Environment: J2EE, Java, Eclipse, EJB, Java Beans, JDBC, JSP, Struts, Design Patterns, BEA WebLogic, PL/SQL, DB2, UML, CVS, JUnit, Log4j.
Confidential
Java Developer
Responsibilities:
- Involved in various phases of Software Development Life Cycle (SDLC) of the application like Requirement gathering, design, development and documentation.
- The application is designed using J2EE design patterns and technologies based on MVC architecture
- Involved in designing the user interfaces using HTML, CSS and JavaScript for client-side validation.
- Developed custom tags, JSTL to support custom User Interfaces.
- Handled business logic as a Model using the helper classes and Servlets to control the flow of application as controller as server-side validations.
- Involved in Servlets, Java Bean programming on the server side for the communication between clients and server.
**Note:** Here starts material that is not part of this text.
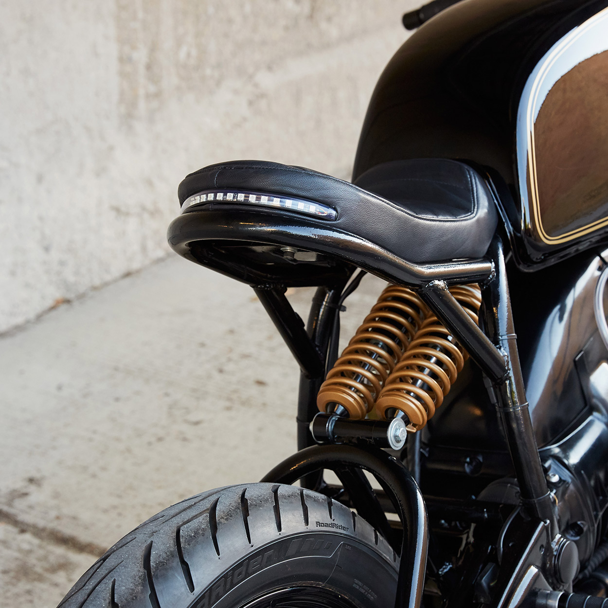 Exceptionally well made with a hint of retro vibes, the Federal Moto Five Motorbike has a slimmed down airhead, which does away with the original bodywork with the important exception of the fuel tank. You’ll find plenty of eye-catching new features on this custom job such as a front fender, airbox hole cover and ‘S’ fairing from Boxer Cafe. The headlight fits perfectly in, capped off with a mesh guard for added protection and the overall look and feel of this bike is hard to top.

- Involved in Implemented Web-Services to integrate between different applications (internal and third party components) using Restful services.
- Involved in writing unit testing for doing positive and negative test cases.
- Developed the maven scripts for preparing WAR files used to deploy J2EE components.
- Created tables, views, triggers, stored procedures on MySQL server for data manipulation and retrieval.
- Used JDBC to invoke Stored Procedures and for database connectivity to database server.
- Used Log4J to capture the log that includes runtime exceptions.
- Involved in Bug fixing and functionality enhancements.
- Developed the project using Waterfall model.
Environment: J2EE, Java, UNIX, red-hat, Putty, MVC, JSP, JDBC, Eclipse IDE, Apache Tomcat, CSS, HTML, JavaScript, SQL Server.